DESCRIPTION OF THE TASK.
Set down exactly the lines in the records below that run from the line with "- Comme matière" to the line with "Morris Minor Traveller", inclusive, and nothing more.

SUPPLIED DATA.

━━━━━━━━━━

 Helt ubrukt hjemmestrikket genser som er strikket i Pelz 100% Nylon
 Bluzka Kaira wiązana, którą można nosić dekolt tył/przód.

━━━━━━━━━━

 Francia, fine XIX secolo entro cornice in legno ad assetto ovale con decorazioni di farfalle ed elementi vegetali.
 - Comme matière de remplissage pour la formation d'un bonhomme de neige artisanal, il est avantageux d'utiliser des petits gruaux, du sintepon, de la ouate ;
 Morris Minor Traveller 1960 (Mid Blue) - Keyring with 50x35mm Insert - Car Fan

━━━━━━━━━━

ANSWER FOR THIS EXERCISE.
 - Comme matière de remplissage pour la formation d'un bonhomme de neige artisanal, il est avantageux d'utiliser des petits gruaux, du sintepon, de la ouate ;
 Morris Minor Traveller 1960 (Mid Blue) - Keyring with 50x35mm Insert - Car Fan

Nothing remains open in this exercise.